È un’intuizione profonda: la malvagità quotidiana, che diventa normale per inerzia. È contro questo male minimo — e perciò pericoloso — che la satira si fa feroce. È la percezione di chi, nato negli anni Trenta, ha vissuto con la convinzione che il mondo potesse davvero finire.

Che succede a Baum non propone una divisione morale, né invita a schierarsi dalla “parte giusta”. 

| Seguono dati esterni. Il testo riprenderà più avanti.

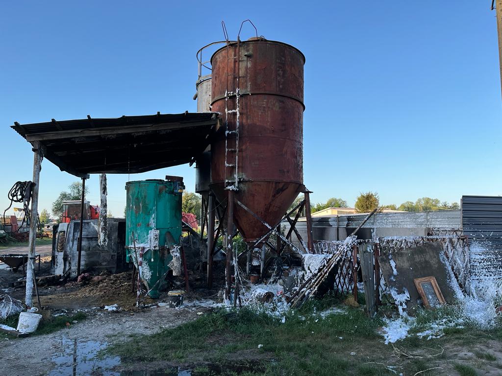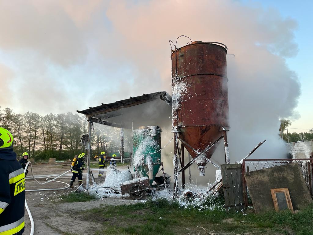 Działania strażaków polegały na zabezpieczeniu miejsca zdarzenia, podaniu prądu gaśniczego w natarciu na palącą się konstrukcję dachową i mieszalnik pasz. Dodatkowo podano jeden prąd piany średniej w natarciu na palący się samochód dostawczy. Działania w obronie polegały na schładzaniu silosów paszowych, które znajdowały się w bliskiej odległości od pożaru.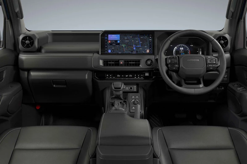 Khoang nội thất của Toyota Land Cruiser FJ được thiết kế thực dụng nhưng không kém phần hiện đại. Bảng táp-lô nhiều lớp, cửa xe phẳng và các chi tiết góc cạnh lấy cảm hứng từ Land Cruiser Prado, với vô lăng ba chấu, cụm màn hình trung tâm cảm ứng hiện đại, bảng đồng hồ kỹ thuật số 12,3 inch, điều hòa tự động và cần số kiểu dáng mới.
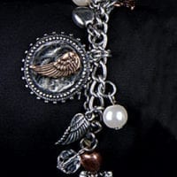 Angel wings, charms and pearls hanging from silver chain on a stretch strand. One size fits most.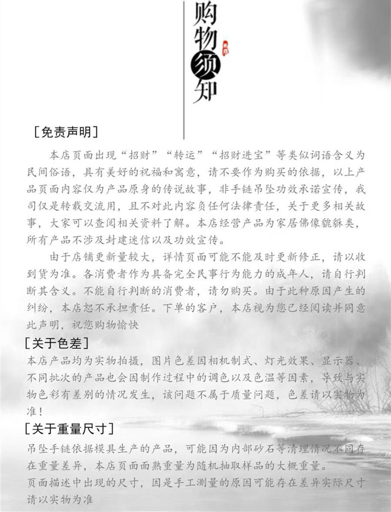 友情提示:部分天然水晶晶体内都具有天然棉絮,冰裂,矿缺 ,和打磨过程中人为造成的硬伤,还有的手链单珠会有微小的大小悬殊.这 就是我们所说的缺憾美。就象喜欢一个人一样,喜欢他(她)就要接受 他(她)的缺点,人无完人,更何况是出自亿万 年前的宝石呢 。请大 家了解天然水晶、爱护天然水晶,希望每一个属于您的水晶都能给您运。

Lo sguardo è universale, quasi antropologico: non giudica, osserva. I soliloqui di Baum non conducono a una crescita, né a un percorso spirituale, perché non c’è nulla da raggiungere; c’è piuttosto un affresco dell’esistenza, una fotografia di piccole meschinità e autoinganni. In altre parole: la spiritualità affiora come sintomo, malattia da curare: qualcosa che non guida, bensì che va contenuto.
Se proprio si volesse tracciare una linea di demarcazione, non sarebbe tra innocenti e colpevoli, ma tra chi rischia — e ha successo — e chi invece “rosica”, imprigionato in una inettitudine da cui vorrebbe uscire, anche a costo di ribaltare le certezze e il mondo di cui fa parte.
Non si può parlare di un “grattare via la vernice nella vita degli altri”. Allen non è un autore che smaschera o che penetra il lato nascosto delle persone: preferisce osservare la superficie attraverso il filtro delle proprie nevrosi. Non indaga, riflette. I personaggi non vengono rivelati, ma rispecchiati: diventano specchi che amplificano il caos interiore. È da questa distanza che emergono la caricatura, l’assurdo e la dimensione grottesca.


Che succede a Baum?


di Woody Allen
La nave di Teseo
Romanzo
ISBN: 978-8834621967
Cartaceo 19,00€
Ebook 11,99€

Quarta

Asher Baum sta perdendo la testa. Come biasimarlo? È un giornalista ebreo di mezza età, diventato romanziere e drammaturgo e consumato dall’ansia per qualsiasi cosa, i suoi ampollosi libri filosofici ricevono recensioni tiepide e il suo prestigioso editore newyorkese lo ha scaricato. Il suo terzo matrimonio è in crisi, teme che la moglie, laureata ad Harvard, sia stata sedotta da suo fratello minore, bello e vincente, mentre sospetta anche del loro vicino in Connecticut. In più, lo mette molto a disagio il legame che sua moglie ha con il figlio, uno scrittore più affermato di lui. Come se non bastasse, in un attimo di follia ha cercato di baciare una giovane e attraente giornalista durante un’intervista, che lei sta per rendere pubblica. C’è da stupirsi che Baum abbia iniziato a parlare da solo? Gli sconosciuti che lo incrociano per strada scuotono la testa e lo evitano. Nel frattempo, però, Baum ha scoperto un segreto esplosivo: meglio tenerlo per sé, o rivelarlo e mandare all’aria il suo matrimonio? Che succede a Baum? è il primo romanzo di Woody Allen ed è tutto ciò che ci si aspetterebbe da lui, e molto di più. Il ritratto di un intellettuale paralizzato dalle nevrosi sulla futilità e il vuoto della vita; uno sguardo irriverente sui miti dell’editoria newyorkese; soprattutto, una storia divertente, dalla trama serrata e dalla scrittura impeccabile, da uno dei più grandi e versatili talenti cinematografici e letterari americani. Un romanzo che farà tremare il mondo letterario.